Does the restriction on competitive businesses prohibit passive investments in other businesses that do not compete with the Hydrodog business?
Hydrodog Franchise · 2025 FDDAnswer from 2025 FDD Document
This provision does not prohibit passive investments in other businesses that do not compete directly or indirectly with HydroDog business. However, an interest in a business in which your capacity is either a director, officer or majority stockholder (or any combination thereof) does not constitute a passive investment, and will be considered a breach of these provisions of this Agreement.

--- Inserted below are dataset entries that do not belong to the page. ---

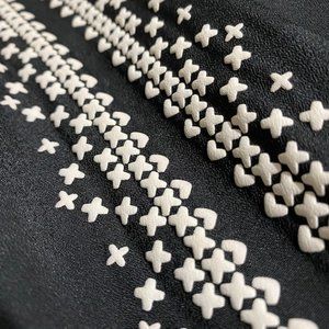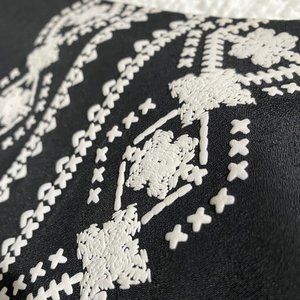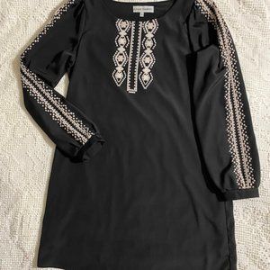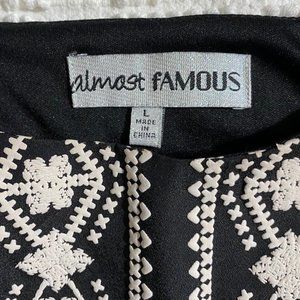 This Almost Famous LBD has lost its tie belt, but has a great loose fit. The faux cream-colored embroidery gives it a fun Boho Vibe. I loved wearing this dress with boots and big earrings. It is a Junior size Large, but fits like a Women Medium. The hem hits above the knee, wear with your favorite belt for a shorter look. The dress is lined, the sleeves are not. The sleeves do not have elastic. Best of all, it's Machine Washable!
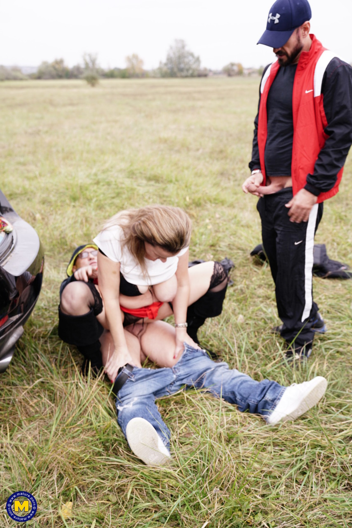 Busty mature British slut Eva Jayne gets gangbanged & facialed outdoors
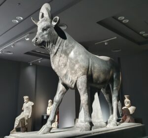 Natuurlijk ontbreekt ook de de god Apis niet met de vorm van een stier die tussen zijn hoorns de maan draagt. Dit beeld was al lang geleden in stukken gevonden maar pas recent kon er geld gevonden worden om het weer in de oude luister te herstellen.
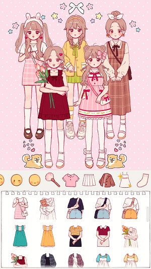 通过装扮发型,衣服,配饰等多种类别打扮出一个漂亮可爱的卡通美少女。每一种配饰都准备了几十种可供选择,自由度超高哦!
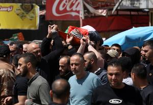 (250404) -- JENIN, 4 abril, 2025 (Xinhua) -- Personas cargan el cuerpo del palestino, Hussein Jamil Hardan, durante su funeral, en la ciudad cisjordana de Jenin, el 4 de abril de 2025. Dos palestinos murieron en las continuas incursiones israelíes en Cisjordania, informó el viernes la agencia oficial de noticias palestina WAFA. (Xinhua/Nidal Eshtayeh) (oa) (da) (ce)
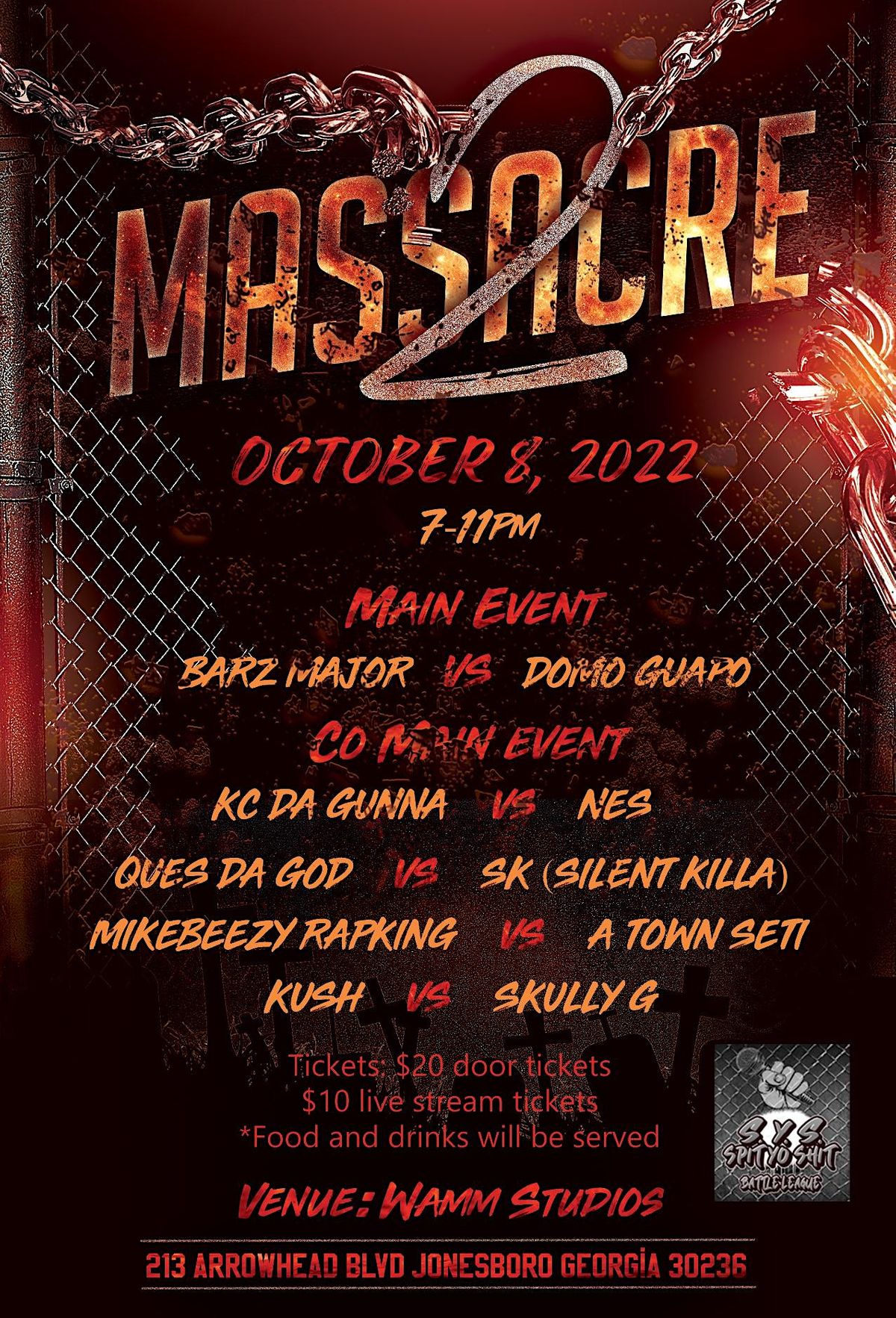 SYS Battle League will be hosting another must see battle rap event on October 8, 2022 at Wamm Studios in Jonesboro Georgia. Massacre 2
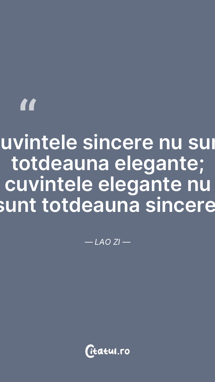 Cuvintele sincere nu sunt totdeauna elegante; cuvintele elegante nu sunt totdeauna sincere. Lao Zi
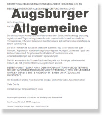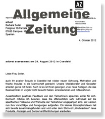 „Die adbest Methode hat unsere Mitarbeiter in der Anzeigenproduktion und dem Anzeigenverkauf zu mehr Verständnis für den Kunden und seine Wünsche sensibilisiert. Durch die klare und knackige Form der Methode wird dies auch nachhaltig im Verkauf eingesetzt und führt zu Verbesserungen der Anzeigen. Absolut praxisorientiert und erprobt, effektiv und nachhaltig, so mein Fazit.“

Source: Item 23 — RECEIPTS (FDD pages 43–166)
What This Means (2025 FDD)
According to Hydrodog's 2025 Franchise Disclosure Document, the restrictions on competitive businesses do not prohibit passive investments in businesses that do not directly or indirectly compete with Hydrodog. However, if the franchisee holds a position as a director, officer, or majority stockholder in another business, it does not qualify as a passive investment and will be considered a breach of the agreement.
This means that a Hydrodog franchisee can invest in other businesses, as long as those businesses are not competitive with Hydrodog's services and products. The definition of a "Competitive Business" includes any business that offers pet grooming, pet care, pet products, or services similar to those offered by Hydrodog. This definition extends to businesses that grant franchises or licenses for such services, as well as mobile, fixed, internet, or catalog-based businesses in the pet industry.
For a Hydrodog franchisee, this clause provides some flexibility to diversify investments. However, it's crucial to avoid any active role or significant ownership in a competing business, as this would violate the franchise agreement. The franchisee should carefully consider the nature of any potential investment to ensure it remains passive and non-competitive to avoid potential conflicts with the Hydrodog franchise agreement.